What Is a Runoff Election and What Does it Mean for Georgia?

Democrat Rev. Dr. Raphael G. Warnock (left) faces off against Republican Senator Kelly Loeffler (right) in one of Georgia's two Senate races.
Democrat Rev. Dr. Raphael G. Warnock (left) faces off against Republican Senator Kelly Loeffler (right) in one of Georgia's two Senate races. Getty Images

Nearly all the ballots have been counted, yet Georgia voters may have to wait until after the new year to get the full results of their election. No candidate in either of the state’s Senate races have established a clear majority, and due to the Georgia’s runoff system, the state will likely see a second round of Senate elections in January.

The news comes days after Election Day, and voters across the country are becoming more and more anxious for the results.

As of Friday evening, Republican Senator Kelly Loeffler, who was temporarily appointed by Governor Brian Kemp, is trailing with around 26% of the vote, CBS News reported. Democrat Rev. Dr. Raphael G. Warnock leads the vote with nearly 32.9% of the vote, according to CBS News.

The special election came as a result of former Senator Johnny Isakson’s retirement, and the upcoming runoff is projected to be one of the most expensive contests in Georgia’s history, The New York Times reported.

Georgia’s second Senate race sees Republican Senator David Purdue, who was up for reelection this year, leading with 49.8%, according to CBS News. Despite having made gains earlier this week, Purdue has just under 50% of the votes, with 98% of the votes counted as of Friday afternoon, according to a projection by CBS News. Democrat challenger Jon Ossoff has about 47.8% of the vote, CBS News reported.

According to state law, if no candidate receives more than 50% of the vote, the race must advance to a runoff election. The result of such an election could, in part, determine whether Democrats regain Senate control.

What Is a Runoff Election?

A runoff election is considered the second round of elections.

While most states vote using the plurality system, or “first-past-the-post,” meaning voters can select one candidate on the ballot and whoever with the most votes win, 10 states, including Georgia, can advance candidates to a runoff election if none of them meet the requirements for victory.

This can occur in both primary and general elections.

What Are the Requirements for Victory in States That Host Runoff Elections?

Not every state hosts runoff elections, and among those that do, it varies as to whether they occur when candidates receive less than 50% of the votes or when candidates receive less than 40% of the votes.

During the runoff election, voters are presented with an abbreviated ballot with the hopes that with less options, one of the top candidates will make it to victory.

When Are Runoff Elections Held?

Each state that has runoff voting has a different timeline for when the second election will occur. It can take place anywhere between two and nine weeks from the first election.

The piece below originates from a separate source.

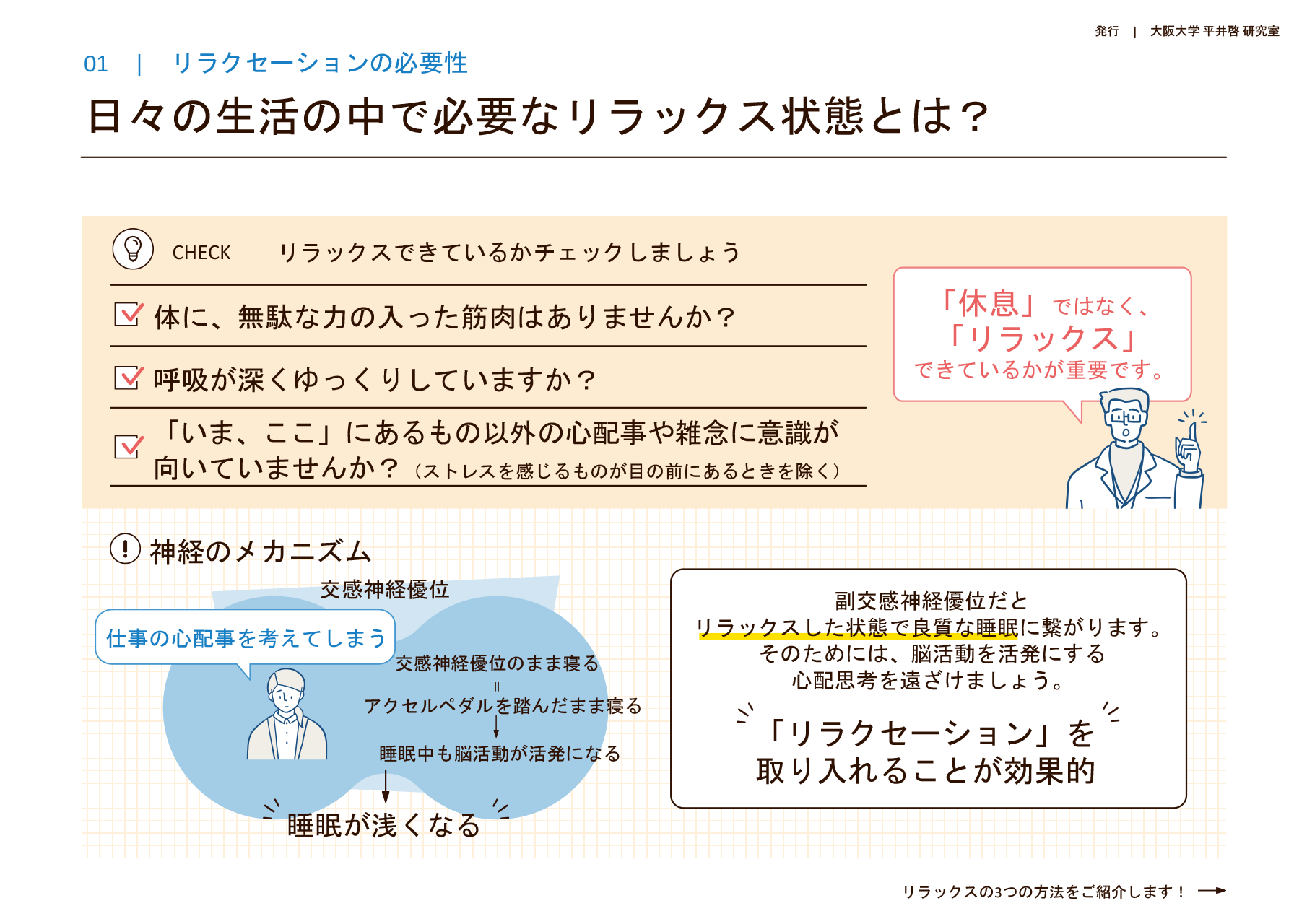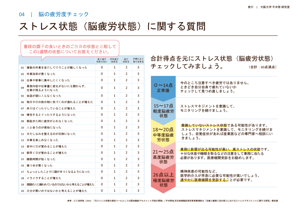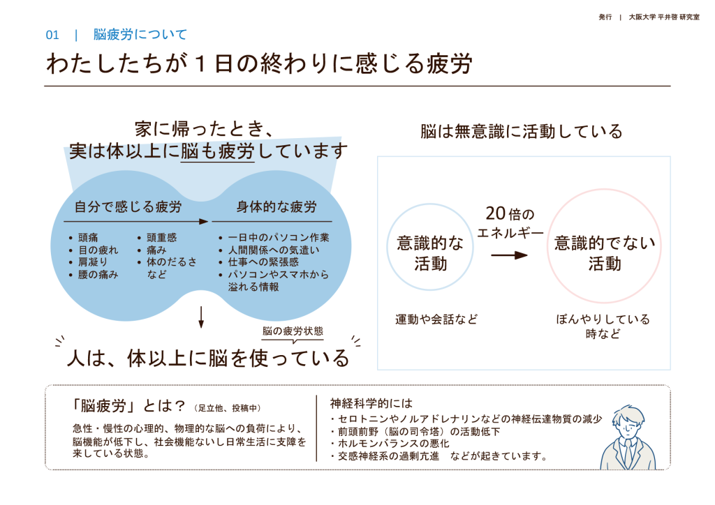 脳疲労 睡眠 リラクゼーション 研究・プロジェクトの紹介 CoBeストレス&パフォーマンスチェックシステムの開発ストレスマネジメント教材の紹介健康⾏動変容のための情報伝達と仕掛けによるヘルスプロモーション介⼊の効果検証(2022)⽣活習慣改善に対する「無関⼼層」に関する新たなセグメンテーションアルゴリズムの開発(2023)医療現場の行動経済学人材育成の仕組み構築心理支援のためのデジタルクローン開発

In Georgia, the runoff contest for the two senate races will occur January 5, 2021.

What Is at Stake?

All eyes will be on Georgia as it heads into not one, but two simultaneous runoff elections.

This year, 35 seats in the U.S. Senate were at stake. The Republican party had previously dominated the Senate, with 53 seats, and the Democrats trailed behind with 47. A party must have 51 seats to reach a majority.

The results of Georgia’s runoff could likely help determine which party holds Senate majority. With most of the results having already come in, both parties now sit at 48 seats each.

North Carolina, which has one seat in senate open, still has not called an official winner but as of Friday evening, Republican Thom Tillis is projected to be leading with 48.7% of the votes, according to CBS News. Democrat Cal Cunningham is trailing with 46.9%, according to CBS News. Alaska has also not yet announced a winner, although the state is expected to vote in a Republican senator, CBS News reported.

Therefore, the two seats up for grabs in Georgia could end up determining whether Democrats regain Senate control, or if the Senate will be split down the middle.

The result of the Senate split could also have implications over the next four years – especially if Joe Biden ends up winning the presidency.